По всем баракам шли глухие споры не только о сути и задачах организации, но и вещах достаточно формальных и в условиях лагеря вообще необязательных: флаге, названии, подотделах. В головах большинства царила полная каша. Так Трухину с Благовещенским никоим образом не удалось отстоять самостоятельный флаг, и большинством голосов приняли дикий вариант русского дореволюционного торгового триколора, но с трудовыми серпом и молотом в верхнем углу. Но еще бог бы с ним с флагом, которого все равно как не было, так и нет, и идти с ним тоже некуда. Гораздо серьезней оказалась внутрипартийная борьба. Трухин, всегда избегавший любой политики и считавший, что порядочный человек ею не занимается, оказался втянутым в самые бессмысленные, а потому опасные споры.
Весь офлаг мог смело сверять часы, когда в половине четвертого пополудни по центральной аллее меж старыми бараками прогуливались две фигуры: двухметровая Трухина в старой, но все же с шиком сидевшей советской генеральской форме, и крошечная Мальцева в неизвестно откуда полученном штатском. Первая вышагивала, неся корпус и голову почти неподвижно, вторая наскакивала петушком.
– Партия строится лишь на железной дисциплине, вам ли того не знать? – шипел Мальцев. – И у нас есть прекрасные образцы, не побоюсь этих сравнений.
– Ну, милееейший, – растягивая гласные, как в разговоре с официантом или кучером, улыбнулся Трухин, – мне того никак знать невозможно, ибо никогда ни в какой партии не состоял. В гимназии соблазнялся эсерством – да Бог миловал. А, во-вторых, настоящая русская партия и не должна брать себе в образцы никакие иные, тем паче запятнавшие себя именно борьбой с русским народом… Вот добились вы названия российской – и что? Почему российской, а не русской? Боитесь, что немцы обвинят в национализме? Ворон ворону глаз не выклюет. И что за абсурд «народно-трудовая»? Что это за двухголовый монстр, когда есть просто два русских хороших и всем понятных слова: народная и трудовая? Или вы рассчитываете только на образованных людей? Тогда и затевать не стоило.

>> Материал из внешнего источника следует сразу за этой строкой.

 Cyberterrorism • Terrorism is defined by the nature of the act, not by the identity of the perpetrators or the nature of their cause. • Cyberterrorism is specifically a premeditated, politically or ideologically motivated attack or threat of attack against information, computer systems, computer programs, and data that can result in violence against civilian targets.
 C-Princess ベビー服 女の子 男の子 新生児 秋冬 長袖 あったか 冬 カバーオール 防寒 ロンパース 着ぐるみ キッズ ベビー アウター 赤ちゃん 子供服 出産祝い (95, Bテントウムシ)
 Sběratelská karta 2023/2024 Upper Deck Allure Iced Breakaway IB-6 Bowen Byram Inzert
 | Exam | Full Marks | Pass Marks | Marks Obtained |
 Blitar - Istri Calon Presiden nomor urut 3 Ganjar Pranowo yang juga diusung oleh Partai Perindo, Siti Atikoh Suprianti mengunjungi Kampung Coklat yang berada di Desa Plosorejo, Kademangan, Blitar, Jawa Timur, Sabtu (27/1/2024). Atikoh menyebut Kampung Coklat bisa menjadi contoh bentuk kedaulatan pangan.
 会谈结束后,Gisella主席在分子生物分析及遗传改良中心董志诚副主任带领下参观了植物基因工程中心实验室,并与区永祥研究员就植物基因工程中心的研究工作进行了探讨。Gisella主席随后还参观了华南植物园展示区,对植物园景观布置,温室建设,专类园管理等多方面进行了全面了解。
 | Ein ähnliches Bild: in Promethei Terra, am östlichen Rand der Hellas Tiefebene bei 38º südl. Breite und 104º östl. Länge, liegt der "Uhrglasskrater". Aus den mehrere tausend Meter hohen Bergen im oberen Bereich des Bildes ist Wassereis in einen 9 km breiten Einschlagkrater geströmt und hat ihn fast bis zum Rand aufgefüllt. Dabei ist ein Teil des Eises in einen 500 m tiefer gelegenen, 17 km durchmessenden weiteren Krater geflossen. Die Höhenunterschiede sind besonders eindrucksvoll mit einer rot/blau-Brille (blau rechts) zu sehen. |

– Знаете, ваше прекраснодушие уже погубило Россию! И не раз, между прочим! Нет, у нас есть только два примера: ВКПб и НСДАП. Структурированная, проверенная форма, подотчетность…

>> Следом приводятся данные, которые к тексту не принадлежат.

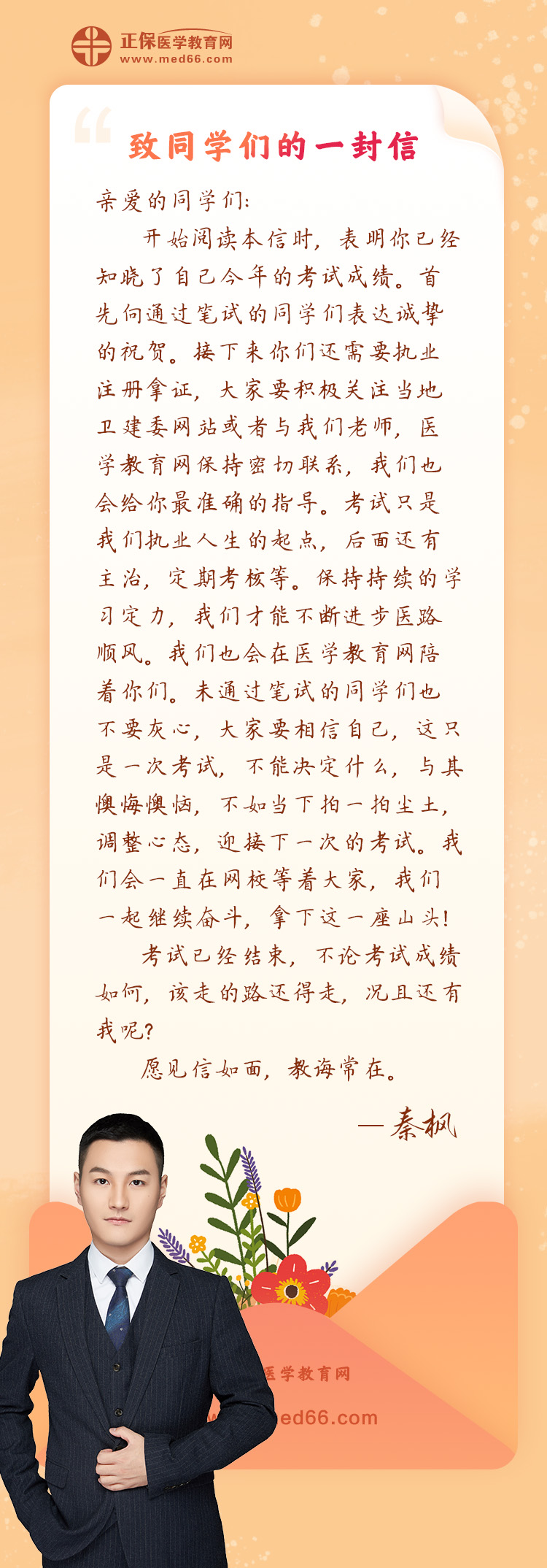2023年醫(yī)師資格考試成績查詢入口開通(快速查分>>)后,醫(yī)學教育網在這里恭喜各位考生順利通過考試!同時老師們也在心心念念著各位同學,紛紛為大家送上了“祝福和囑托”,快來看看秦楓老師都對我們說了哪些內容: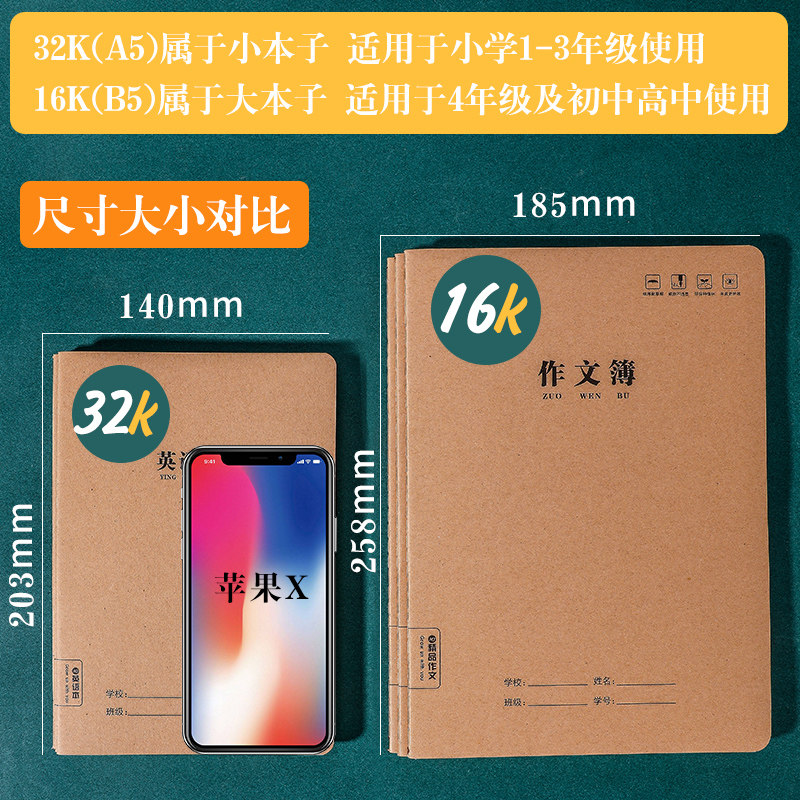 牛皮纸作业本16K本子加厚练习本作文初中B5笔记本大号英语子批发
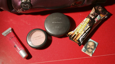 • What's in your bag? Wet 'n' Wild lip gloss, MAC blush in mocha, MAC Studio Fix foundation, Pure Protein protein bar, my favorite picture of my dad (he passed away in '03).
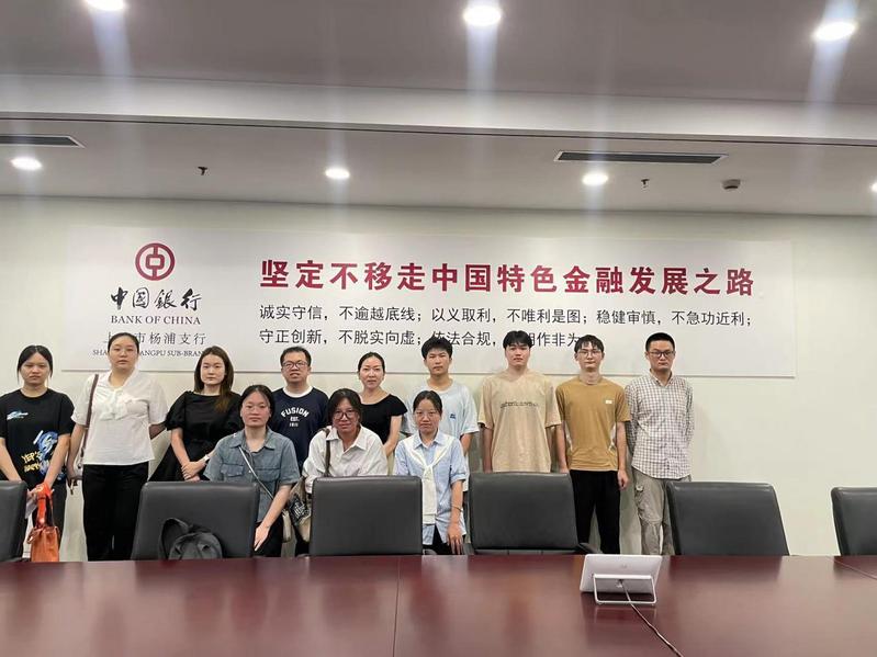 自7月10日开始,金融专业的20名同学开始了2024年“中银慧谷”暑期实习。此次实习分为两批,每批10名同学,每批实习期为一个月,7月10日至8月10日是第一批,由金融系支部书记张婷带队,8月13日至9月13日是第二批,由金融系教师苏孝珊带队。实习同学分别在中国银行杨浦支行的个人金融数字部、公司金融部、行政事业机构部、运营中心、风险合规和内控运营部等部门实习。

– …знаю-знаю, что вы сейчас скажете! Подчинение меньшинства большинству и весь этот демократический централизм. Это, милееейший, хорошо в армии, а не в свободном сообществе свободных людей.
– Свободных людей! – весь так и передернулся Мальцев. – Да где вы их видели и видите, генерал?! Эти? – Он махнул в сторону нескольких, судя по возрасту, лейтенантов, куривших одну папиросу на всех и полностью поглощенных счетом затяжек у каждого. – Или в Советах, среди своей офицерни, которые пили, дебоширили да баб насиловали? Это не люди, генерал, это, в чем совершенно согласен с немцами, просто унтерменши. А потому и стоять во главе партии должны немцы.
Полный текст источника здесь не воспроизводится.